═══ Extracted material

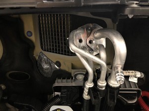 1 个螺栓,10 毫米,4 Nm,2 个卡子;1 个销;拆下螺栓;将销从温度系统横梁上小心撬下,然后从隔板螺柱上拆下
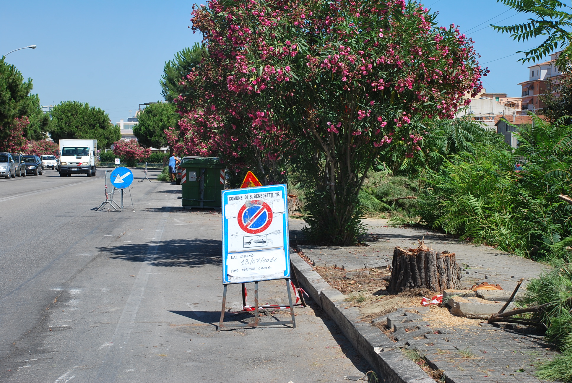 Si tratta di un percorso ciclopedonale che correrà sul lato est per una larghezza minima di 2,50 metri. Per fare spazio alla pista viene allargato il marciapiede e vengono rimosse alcune delle piante che costeggiano il viale. Per l’esattezza, sono stati eliminati 8 pini che occupavano la larghezza del percorso e che saranno sostituiti da altre essenze arboree meno invasive da collocare in apposite “anse” create lungo il percorso. Come impone la legge, gli alberi da piantare saranno il doppio di quelli tolti: altre essenze arboree saranno dunque collocate in altre zone della città da individuare. Non saranno invece toccate le palme che caratterizzano il viale. E’ prevista l’erezione di una staccionata a delimitare la pista dai terreni adiacenti che si trovano ad una quota inferiore. I lavori, progettati dai tecnici comunali Angelo Amabili e Romeo Capriotti, sono eseguiti dalla ditta S. Francesco Scavi ed hanno un valore di 63 mila euro. La loro ultimazione è prevista entro la metà di settembre.
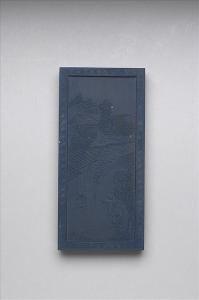 長方形藍色顏料墨,細膩鮮豔。雙面起邊框,皆飾回紋一圈,一面作填金楷書御題詩「御題萬戶春聲冊詩。九衢吉爆畼春聲,宣豫抒和庶彙萌,奮發青陽生百穀,東郊積潤恰宜耕。」另一面模印民家巷弄中,童子數人燃鞭炮嬉樂。五色畫錠一套十件,共收於雙龍嵌螺甸「御題萬春集慶冊五色畫錠」漆盒,並有錦袱。
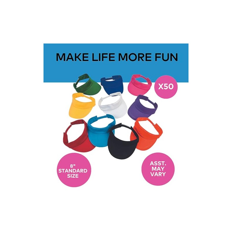 Fun Express - 50pc Visor Asst. - Apparel Accessories - Hats - Visors - 50 Pieces Multicolor
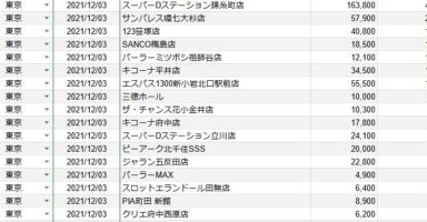 【関東】2021/12/3(金)出したお店まとめ関東の店舗都県 日付 店舗 総差枚 平均差枚 東京 2021/12/3 スーパーDステーション錦糸町店 163,800 460 東京 2021/12/3 サンパレス環七大杉店 57,900 240 東京 202... -
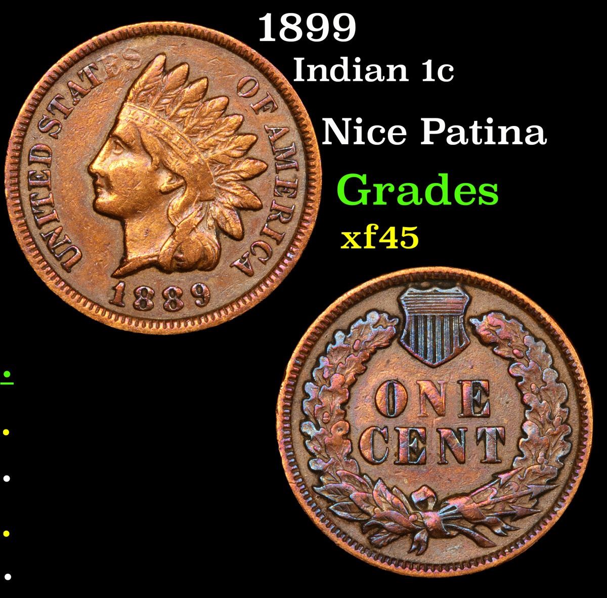 1899 Indian Cent 1c Grades xf+.
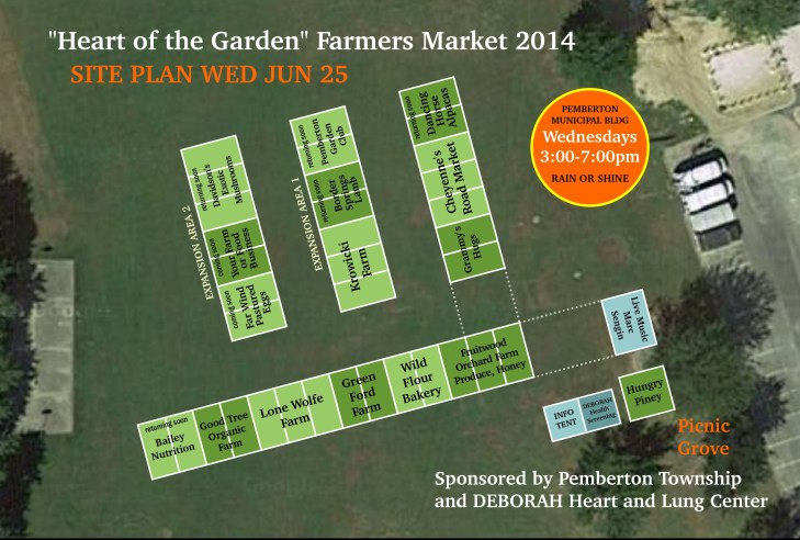 Today, WED JUN 25, marks the 4th week of the season for the “Heart of the Garden” Farmers’ Market, co-sponsored by the Township of Pemberton and the DEBORAH Heart and Lung Center. We’ve added a new feature, prepared refreshments from Pemberton’s own Hungry Piney.

══════

■ Brief ■
Would you repeat exactly, and only, the lines from the start of the records above through the line containing "1899 Indian Cent 1c Grades xf+.", with the pictures omitted?

■ Answer box ■
 1 个螺栓,10 毫米,4 Nm,2 个卡子;1 个销;拆下螺栓;将销从温度系统横梁上小心撬下,然后从隔板螺柱上拆下
 Si tratta di un percorso ciclopedonale che correrà sul lato est per una larghezza minima di 2,50 metri. Per fare spazio alla pista viene allargato il marciapiede e vengono rimosse alcune delle piante che costeggiano il viale. Per l’esattezza, sono stati eliminati 8 pini che occupavano la larghezza del percorso e che saranno sostituiti da altre essenze arboree meno invasive da collocare in apposite “anse” create lungo il percorso. Come impone la legge, gli alberi da piantare saranno il doppio di quelli tolti: altre essenze arboree saranno dunque collocate in altre zone della città da individuare. Non saranno invece toccate le palme che caratterizzano il viale. E’ prevista l’erezione di una staccionata a delimitare la pista dai terreni adiacenti che si trovano ad una quota inferiore. I lavori, progettati dai tecnici comunali Angelo Amabili e Romeo Capriotti, sono eseguiti dalla ditta S. Francesco Scavi ed hanno un valore di 63 mila euro. La loro ultimazione è prevista entro la metà di settembre.
 長方形藍色顏料墨,細膩鮮豔。雙面起邊框,皆飾回紋一圈,一面作填金楷書御題詩「御題萬戶春聲冊詩。九衢吉爆畼春聲,宣豫抒和庶彙萌,奮發青陽生百穀,東郊積潤恰宜耕。」另一面模印民家巷弄中,童子數人燃鞭炮嬉樂。五色畫錠一套十件,共收於雙龍嵌螺甸「御題萬春集慶冊五色畫錠」漆盒,並有錦袱。
 Fun Express - 50pc Visor Asst. - Apparel Accessories - Hats - Visors - 50 Pieces Multicolor
 【関東】2021/12/3(金)出したお店まとめ関東の店舗都県 日付 店舗 総差枚 平均差枚 東京 2021/12/3 スーパーDステーション錦糸町店 163,800 460 東京 2021/12/3 サンパレス環七大杉店 57,900 240 東京 202... -
 1899 Indian Cent 1c Grades xf+.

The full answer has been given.